Location
- Byron Street Dundee, DD3 6QN Scotland 56°28′24″N 2°58′52″W﻿ / ﻿56.473278°N 2.981021°W

Information
- Type: Primary school
- Religious affiliation: Roman Catholic
- Local authority: Dundee City Council
- Head teacher: Denise Derby
- Gender: Mixed
- Feeder to: St John's RC High School

= SS Peter and Paul RC Primary School =

SS Peter & Paul RC Primary School is a co-educational Roman Catholic primary school situated across the Coldside and Hilltown areas of Dundee, Scotland. Managed by Dundee City Council.

== Overview and grounds ==
Providing denominational education for the northern area of the city, the school shares its immediate physical site with the Ss Peter and Paul Roman Catholic Church. This direct proximity allows the school to closely integrate its daily curriculum and assemblies with the active parish community.

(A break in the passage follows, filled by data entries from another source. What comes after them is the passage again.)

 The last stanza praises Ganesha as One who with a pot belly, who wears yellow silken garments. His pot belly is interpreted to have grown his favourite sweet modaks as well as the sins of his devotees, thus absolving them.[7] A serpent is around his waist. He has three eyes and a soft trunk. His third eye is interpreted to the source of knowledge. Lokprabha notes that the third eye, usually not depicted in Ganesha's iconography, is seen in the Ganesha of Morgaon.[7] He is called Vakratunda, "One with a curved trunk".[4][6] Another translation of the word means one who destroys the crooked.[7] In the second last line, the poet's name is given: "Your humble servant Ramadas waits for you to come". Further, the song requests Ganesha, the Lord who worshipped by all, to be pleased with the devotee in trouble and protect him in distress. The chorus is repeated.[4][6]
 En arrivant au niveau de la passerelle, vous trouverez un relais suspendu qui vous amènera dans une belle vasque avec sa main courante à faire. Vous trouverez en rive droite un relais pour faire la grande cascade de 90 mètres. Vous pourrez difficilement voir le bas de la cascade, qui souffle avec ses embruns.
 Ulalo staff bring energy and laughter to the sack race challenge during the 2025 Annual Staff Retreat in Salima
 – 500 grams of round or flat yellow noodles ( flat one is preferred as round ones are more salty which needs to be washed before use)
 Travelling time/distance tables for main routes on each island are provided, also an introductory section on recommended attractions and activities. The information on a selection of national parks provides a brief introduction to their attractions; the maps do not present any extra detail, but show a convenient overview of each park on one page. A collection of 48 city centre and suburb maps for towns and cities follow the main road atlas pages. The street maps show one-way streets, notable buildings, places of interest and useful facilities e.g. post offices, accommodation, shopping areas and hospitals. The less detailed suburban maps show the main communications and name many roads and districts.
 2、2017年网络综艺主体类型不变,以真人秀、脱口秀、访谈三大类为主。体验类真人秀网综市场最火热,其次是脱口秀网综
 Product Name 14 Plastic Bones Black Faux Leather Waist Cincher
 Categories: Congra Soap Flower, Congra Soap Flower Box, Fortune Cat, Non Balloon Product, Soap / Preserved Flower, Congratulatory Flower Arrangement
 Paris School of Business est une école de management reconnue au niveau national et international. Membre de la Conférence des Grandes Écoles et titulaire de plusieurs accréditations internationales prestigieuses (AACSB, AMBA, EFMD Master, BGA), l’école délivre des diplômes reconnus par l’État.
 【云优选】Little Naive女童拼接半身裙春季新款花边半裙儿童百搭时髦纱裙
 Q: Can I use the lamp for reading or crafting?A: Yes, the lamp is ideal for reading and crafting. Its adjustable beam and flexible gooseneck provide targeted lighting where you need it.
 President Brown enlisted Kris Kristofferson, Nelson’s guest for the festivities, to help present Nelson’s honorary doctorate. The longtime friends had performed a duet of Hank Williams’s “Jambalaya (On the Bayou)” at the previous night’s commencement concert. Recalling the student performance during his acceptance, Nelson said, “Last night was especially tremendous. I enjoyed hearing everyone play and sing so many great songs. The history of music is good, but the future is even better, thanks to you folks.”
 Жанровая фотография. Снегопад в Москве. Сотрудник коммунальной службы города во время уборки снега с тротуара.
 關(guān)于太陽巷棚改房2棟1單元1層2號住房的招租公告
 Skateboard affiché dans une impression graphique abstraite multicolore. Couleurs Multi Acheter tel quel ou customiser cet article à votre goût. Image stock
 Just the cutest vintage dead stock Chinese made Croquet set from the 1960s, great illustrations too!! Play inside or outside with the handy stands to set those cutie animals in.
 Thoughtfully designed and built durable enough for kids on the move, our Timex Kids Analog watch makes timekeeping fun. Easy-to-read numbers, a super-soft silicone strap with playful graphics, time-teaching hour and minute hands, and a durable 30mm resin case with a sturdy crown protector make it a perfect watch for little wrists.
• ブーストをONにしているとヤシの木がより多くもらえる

The building maintains a strong focus on Catholic values and pupil wellbeing, creating a positive ethos centered around community inclusion. The school runs several local outreach initiatives alongside the neighbouring church and routinely utilises the adjacent parish facilities for school-wide religious events and celebrations. Furthermore, pupils actively participate in charitable fundraising for organisations such as Macmillan Cancer Support and Mary's Meals, while the school's commitment to environmental education has been recognised by the Eco-Schools Scotland programme.

== Secondary feeder school ==
As part of Dundee's denominational education pathway, SS Peter & Paul serves as an associated primary for St John's RC High School. Once children reach the end of their primary education, they are offered a direct transfer to the St John's building on Harefield Road to begin S1 alongside pupils from the city's other Catholic primaries.